A beguilingly slippery tale by Brazil’s greatest proto-modernist writer.
Bento Santiago is known to his friends as Bentinho. But, at the beginning of Machado de Assis’ 1899 novel, he has earned the sobriquet Dom Casmurro, meaning something like “Sir Stubbornly Self-Absorbed,” for falling asleep when a budding poet assailed him with verse on a train ride. Bentinho, whom we meet as an aging, moderately prosperous attorney, is part of a minor noble rural family that moved to Rio de Janeiro and settled in a well-to-do neighborhood (Machado makes much, subtly, of Rio’s rich-and-poor geography). There, at 15, he falls in love with 14-year-old neighbor Capitu. Tensions face him as his now-widowed mother wheedles him to honor a pledge she’s made to God that her firstborn son will become a priest, while Capitu tries to dissuade him. Bentinho enters the seminary all the same and befriends Escobar, a young man who wants to be a merchant, not a priest. Both break free, and Bentinho and Capitu marry.

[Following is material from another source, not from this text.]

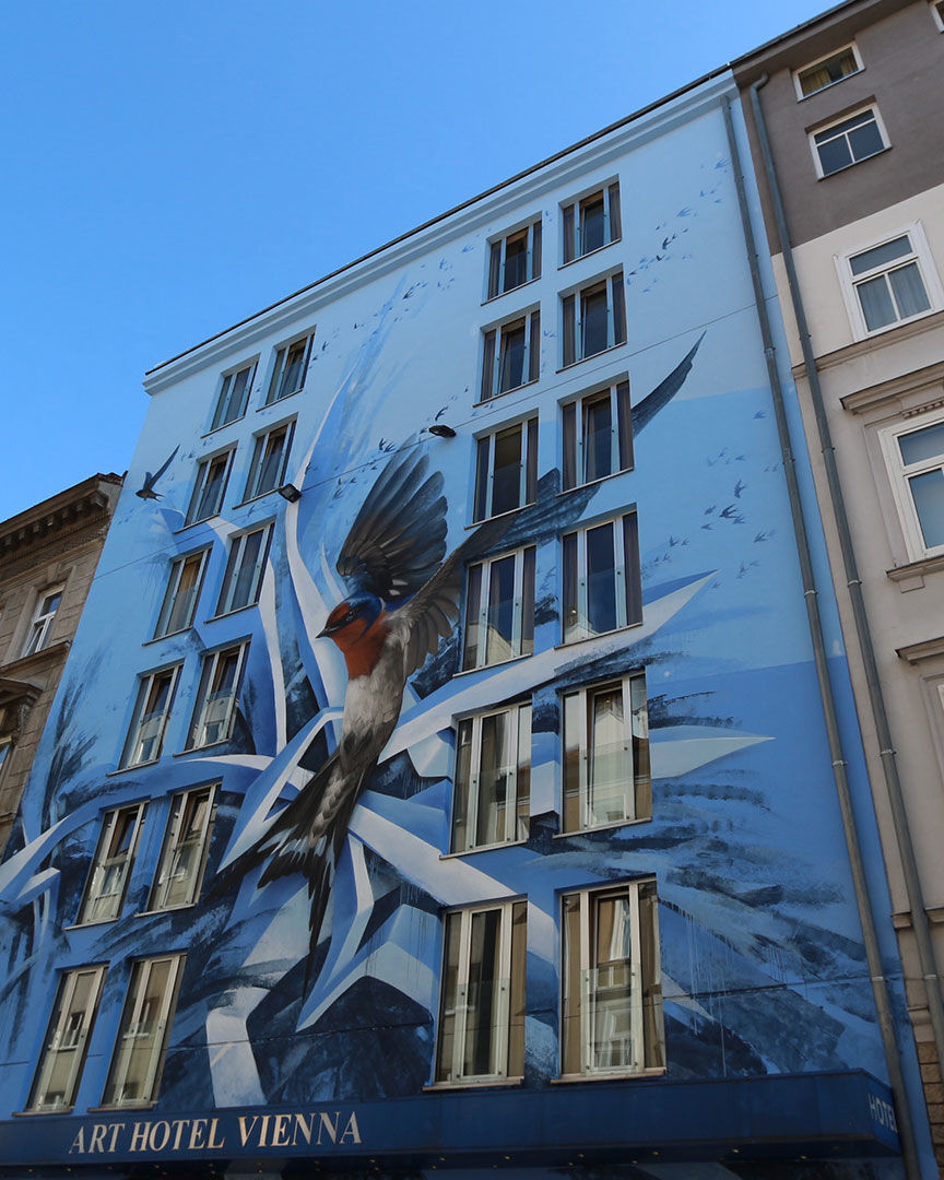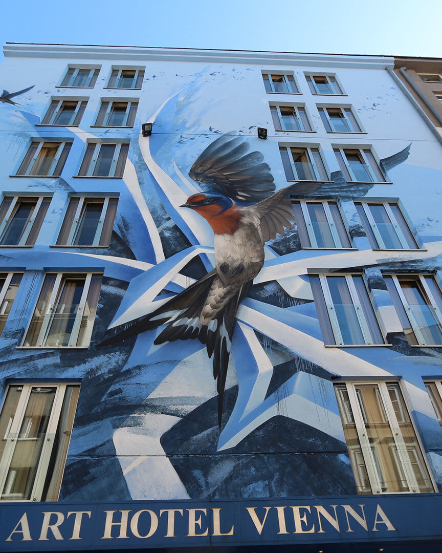 1050 ViennaThe Art Hotel Vienna is centrally located in Vienna's 5th district of Margareten and offers its guests excellent connections to Vienna's city centre. The hotel welcomes its visitors with over 100 different works of art - from contemporary paintings to artistic sculptures. In addition, there are constantly changing exhibitions and art events at the Art Hotel, but the graffiti façade also emphasises the artistic flair. This was specially designed for the Art Hotel by graffiti artist Sarah "siuz" Kupfner. -

But why does their son, a gifted mimic, do one impersonation better than all others? As Bentinho says, after all, “There’s even something about the way he walks, about his eyes, that reminds me of Escobar....” Bentinho has always been jealous over the beautiful Capitu—in a meaningful scene, she exchanges woo-pitching glances with a rider passing by her window—but even as Capitu protests that Bentinho is his son’s real father, he embodies the meaning of his nickname. The trick of this short novel is that the reader must decide whom to believe, for much suggests that Bentinho is not a trustworthy narrator, while Capitu is alternately characterized as both sly and faithful. Whatever the case, in this readable translation (the use of a few creaky expressions such as flibbertigibbet notwithstanding), Machado proves himself a gifted portraitist of flawed human characters who harbor psychological depths.
A fine if elusive find for aficionados of world literature.